Mission pour la Science et la Technologie de l’Ambassade de France aux Etats-Unis
Quand la nature inspire les chercheurs
Publié le vendredi 10 septembre 2010
Voir en ligne : https://www.france-science.org/Quand-la-nature-inspire-les.html
Les structures biologiques possèdent un avantage conséquent sur les chercheurs en science des matériaux :
elles sont le fruit de millions d’années d’évolution. La sélection naturelle a minutieusement conservé les
structures les plus efficaces pour une tâche donnée : robustes pour se protéger, solides pour s’accrocher ou
tendre des pièges, ou colorées pour communiquer. Une même structure peut aussi se trouver optimisée pour
répondre à plusieurs de ces besoins simultanément.
C’est bien souvent à l’échelle nanométrique ou moléculaire que ces structures révèlent leur composition, leur
agencement et leur organisation. Les possibilités techniques de microscopie (électronique ou à force
atomique) ouvertes par le développement des nanotechnologies permettent aujourd’hui aux chercheurs
d’entrer dans l’intimité de ces structures afin de s’en inspirer. Ces derniers vont même jusqu’à utiliser le
principe de sélection dans leurs simulations afin de laisser évoluer les structures qu’ils créent vers celles qui
pourront répondre au mieux aux besoins.
La soie des araignées
Un des matériaux stars de ces derniers mois est la soie, que ce soit celle produite par les vers ou par les
araignées pour tisser leur toile. La soie est 5 fois plus résistante que l’acier alors que ses composants sont
reliés par des liaisons hydrogène qui sont 100 à 1000 fois plus faibles que les liaisons qui lient les atomes
dans l’alliage métallique. De plus, la soie possède la particularité d’être malléable et de pouvoir s’étirer. Nul
doute étant donné ses propriétés que ce matériau intéresse autant les chercheurs.

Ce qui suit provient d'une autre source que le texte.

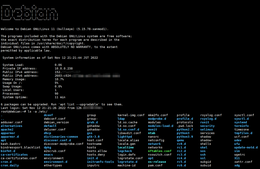 - preseed 过程针对 Debian 做了大量优化,预置常用组件,永久更改 DNS 为 CloudFlare、Google(需进系统后手动安装 resolvconf:echo “N” | apt install resolvconf -y ),vim 支持鼠标终端复制,不同文件类型不同彩色显示,ssh 连接欢迎页面显示系统占用、IP 信息,软件数更新提示;

L’équipe du Prof Buehler au Massachusset Institute of Technology a réussi à percer les secrets de ce
matériau [1,2]. Pour cela, les chercheurs ont développé un modèle de dynamique moléculaire à grande
échelle capable de calculer les interactions entre les protéines qui constituent la soie. Les protéines en forme
de nanocristaux plans, appelés feuillets ? et reliés par des filaments, se superposent de manière à combiner
l’action des liaisons hydrogènes pour rendre le matériau à la fois résistant et ductile, en dépit du fait de la
faiblesse de ces liaisons. C’est ce que le modèle original développé par l’équipe a permis de mettre en
évidence. Par ailleurs, les chercheurs ont aussi démontré que la taille de ces feuillets (3 nm) est capitale. Si
ces derniers sont légèrement plus grands (à 5 nm), le matériau perd sa résistivité et devient cassant.
Maintenant que ces mécanismes sont compris, l’équipe du Prof Buehler espère pouvoir mettre au point de
nouveaux matériaux basés sur les mêmes principes mais utilisant d’autres composants comme les nanotubes
de carbone, naturellement plus résistants que les protéines. Cependant, les propriétés de la soie en font aussi
un matériau utilisable pour toute une série d’application, comme suggéré par David Kaplan de la Tufts
University [3].
Les écailles des ailes de papillon
Chez les papillons, la communication semble passer par un ensemble de messages colorés. Le bleu
électrique des Morphos en sont un exemple. Ces couleurs vives, métalliques et changeantes naissent de
l’interaction de la lumière avec des structures nanoscopiques et microscopiques qui constituent les écailles
des ailes de ces insectes. Une équipe de Yale University conduite par le Prof Prum a étudié la formation de
ces structures chez les papillons de la famille des Papilionidés [4].